It’s common for homeowners to feel compelled to remodel their homes before they sell. Renovating the spaces in your home can increase its value and help you compete with comparable listings in your area. However, some remodeling projects are more beneficial than others as you prepare to sell your home. Always talk to your agent to determine which projects are most appealing to buyers in your area.
Remodeling Projects to Avoid When Selling Your Home
When preparing to sell your home, you want to strike the right balance of upgrades. Making repairs and executing renovations will attract buyer interest, but you don’t want to dump so much cash into remodeling that you won’t be able to recoup those expenses when your home sells.
So, how do you know where to focus your efforts? Your agent is a vital resource in understanding your specific situation and will offer guidance on your remodeling efforts to sell your home for the best price. Here are a few projects sellers will want to keep off their to-do lists for the best return on investment.
Minor Cosmetic Upgrades
Whether you’ve made small cosmetic upgrades throughout your home typically isn’t a make-or-break proposition for most buyers. Let’s say you’re questioning whether to invest in a new toilet, vanity, and shower for your primary bathroom before selling. Unless these appliances are damaged and you can repair them without spending too much, it’s okay to sell as is.
Major Upgrades with Long Timelines
For any remodeling project, your agent’s analysis will help you determine its risk/reward potential. This dynamic is heightened with major remodeling projects and home upgrades, due to their higher costs. Four of the six lowest ROI remodeling projects found in the Remodeling 2022 Cost vs. Value Report (www.costvsvalue.com)1 are upscale or major upgrades, all with roughly a 50% return on investment.
These projects come with hefty price tags and longer timelines than minor repairs and upgrades, which can complicate factors as you prepare to sell, especially if you have a deadline to get into your new home. They have the potential to temporarily displace you from the property, meaning you and your household may have to find somewhere else to stay until the project is complete.

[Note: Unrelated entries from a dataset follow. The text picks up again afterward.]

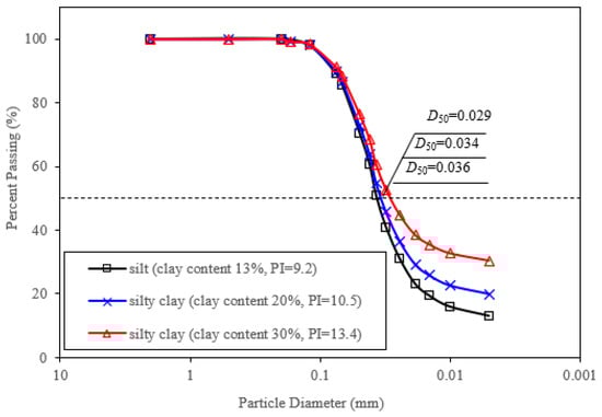 The silt used in the experiment was collected from the tidal flat of the Yellow River Delta. As the clay content of in situ soil cannot be controlled accurately, two other silty clays were obtained by adding kaolin clay. The clay minerals in the Yellow River Delta are mainly illite and kaolin [,], so kaolin clay is selected to control the soil particle size distribution. Fine kaolin clay with particle size less than 0.005 mm was used in the test. Particle size distribution curves of the tested soils are shown in Figure 1. The plasticity index (PI) of three soils is shown in Figure 1, and it was used to distinguish silt and silty clay. When the PI is greater than 10, it is named silty clay according to the soil classification method in GB50021 [].
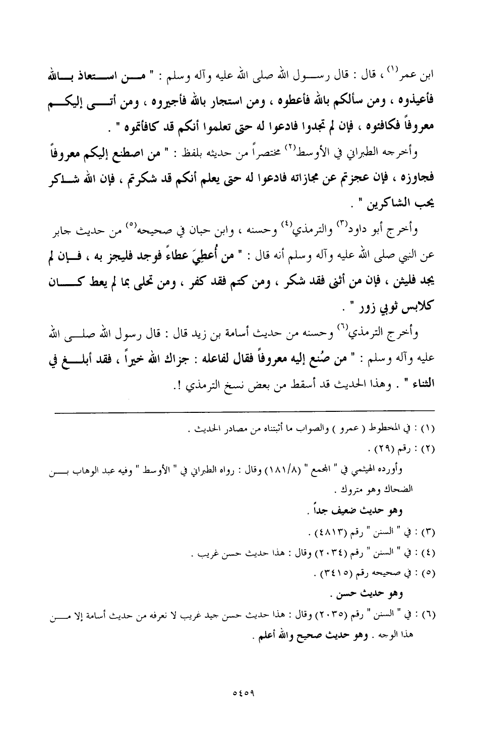 بن عمر (¬1)، قال: قال رسول الله صَلَّى اللهُ عَلَيْهِ وَآلِهِ وَسَلَّمَ: " من استعاذ بالله فأعيذوه، ومن سألكم بالله فأعطوه، ومن استجار بالله فأجيروه، ومن أتى إليكم معروفا فكافئوه، فإن لم تجدوا فادعوا له حتى تعلموا أنكم قد كافأتموه ".
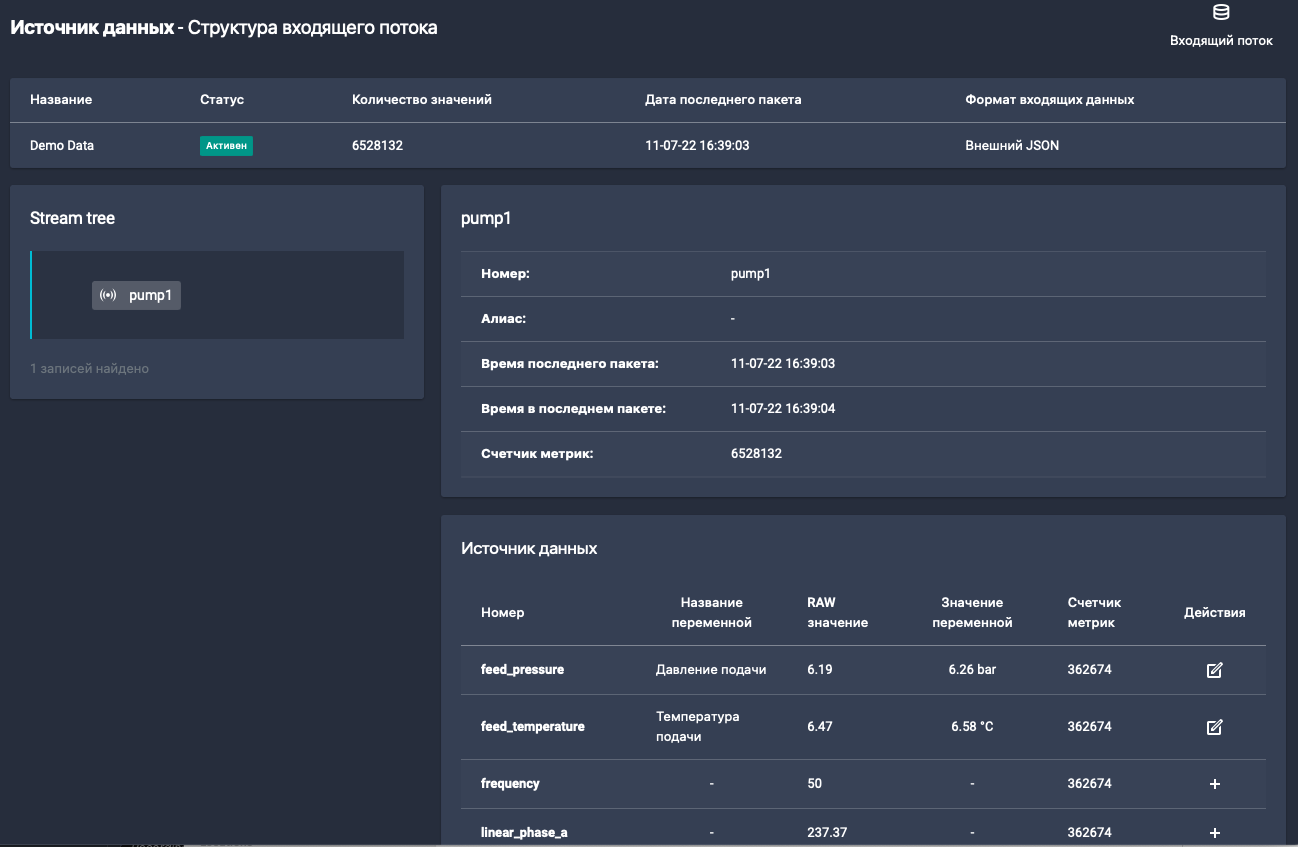 Перейдите в раздел “Источники данных” - “Входящие потоки” и выбере интересующий вас поток.

- The Bottom Line: To go through with a major home upgrade before you sell, its schedule must fit with your moving timeline. It should also align with buyer interest in your local market. If the project doesn’t meet these criteria, it should be avoided.
Building Code Violations
The rules dictating whether you can sell your home with building code violations vary region to region. It also depends on what the building code violation is and whether neglecting to update it is deemed a safety hazard. The buyer’s mortgage lender may also have stipulations saying that the loan may not be used to purchase a home with certain features that aren’t up to code, which could lead to them backing out of the deal.
If you’re selling an older home, you’re not obligated to update every feature that may be out of code to fit modern standards. These projects are often structural and require a significant investment. If the violation in question was built to code according to the regulations at the time, then a grandfather clause typically applies. However, you’ll need to disclose these features to the buyer.
Trendy Makeovers and Upgrades
Lastly, it’s best to avoid remodeling projects that target a specific trend in home design. Trends come and go. Timeless design is a hallmark of marketable homes because it appeals to the widest possible pool of buyers. Keep this in mind when staging your home as well. Creating an environment that’s universally appealing and depersonalized allows buyers to more easily imagine the home as their own.